Across groups participants varied in descriptions of benefits and burdens of cancer clinical trial participation and reasons for participating. Those reporting high benefit/low burden described "seizing the opportunity to participate;" those reporting low benefit/low burden described "taking responsibility" through trial participation; those reporting low benefit/high burden described how they were "willing to endure," and those with high benefit/high burden emphasized "deciding to act."
Participants' qualitative descriptions of benefits and burdens were more nuanced and dynamic than reflected in their quantitative ratings. Thus, current measures may be missing important concepts, such as logistic challenges of trial participation. Our results have implications for consenting procedures and decisional support guidance offered to patients and their caregivers.

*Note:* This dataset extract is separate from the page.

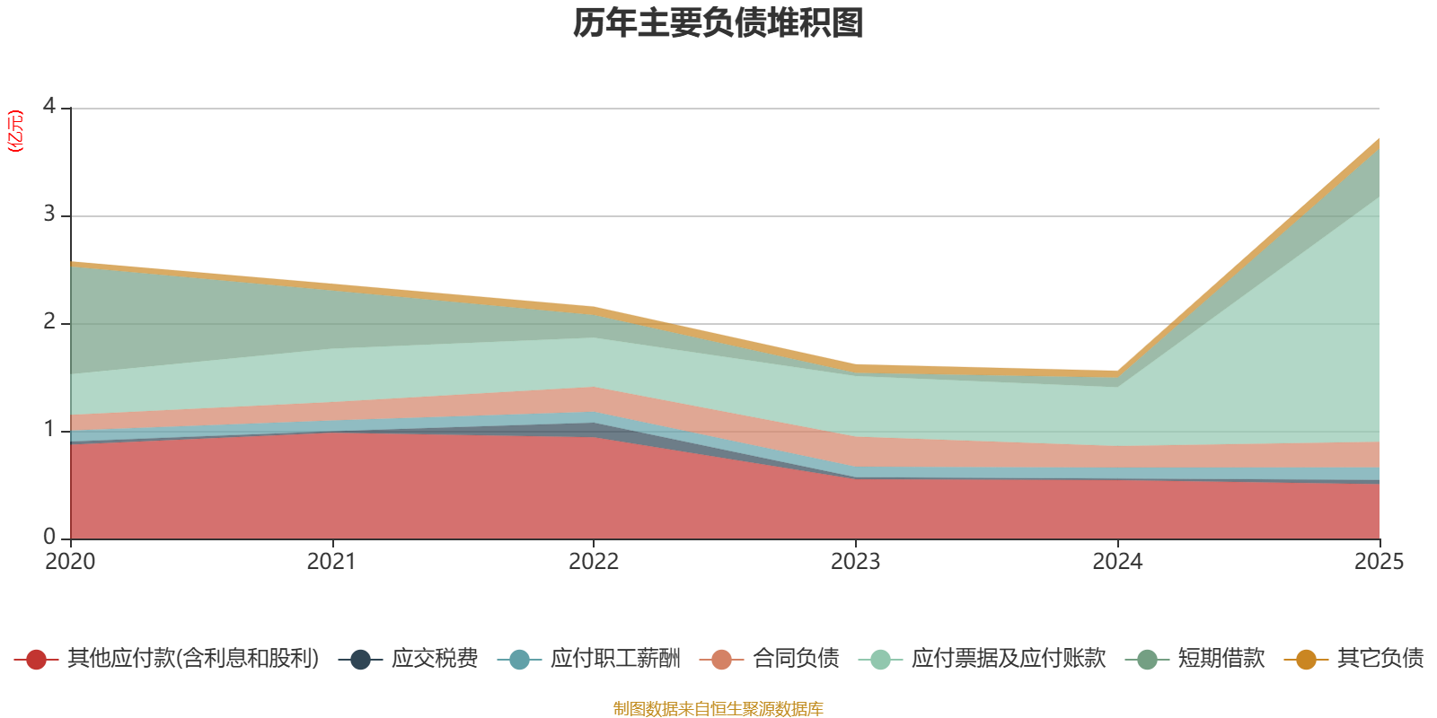 负债重大变化方面,截至2025年末,公司应付票据及应付账款较上年末增加316.48%,占公司总资产比重上升17.75个百分点;短期借款较上年末增加394.84%,占公司总资产比重上升3.67个百分点;其他应付款(含利息和股利)较上年末减少7.06%,占公司总资产比重下降0.44个百分点;合同负债较上年末增加19.89%,占公司总资产比重上升0.39个百分点。

为推进成人肿瘤治疗,需要全面了解人们如何以及为何决定参加、继续参与和退出癌症临床试验。虽然定量研究结果能洞察这些益处和负担,但对于癌症成人患者如何评估自身情况以及做出参与临床试验的决策,其提供的理解有限。这项混合方法分析的目的是对参与者对与癌症临床试验参与相关的益处和负担的评估进行概念化。
对21名参与者的亚组分析是一项更大规模的序列式、解释性混合方法研究的一部分。我们使用克里默的综合方法将定量和定性数据相联系,以评估数据的趋同性,用定性数据解释定量结果。根据定量的益处/负担得分将参与者分为四类,并通过对其定性数据的主题分析来描述这些类别。
在各个组中,参与者对癌症临床试验参与的益处和负担的描述以及参与原因各不相同。那些报告高益处/低负担的人描述为“抓住参与机会”;那些报告低益处/低负担的人描述为通过参与试验“承担责任”;那些报告低益处/高负担的人描述了他们如何“愿意忍受”,而那些高益处/高负担的人强调“决定行动”。
参与者对益处和负担的定性描述比其定量评分所反映的更为细致入微和动态变化。因此,当前的测量方法可能遗漏了重要概念,如试验参与的后勤挑战。我们的结果对向患者及其护理人员提供的知情同意程序和决策支持指导具有启示意义。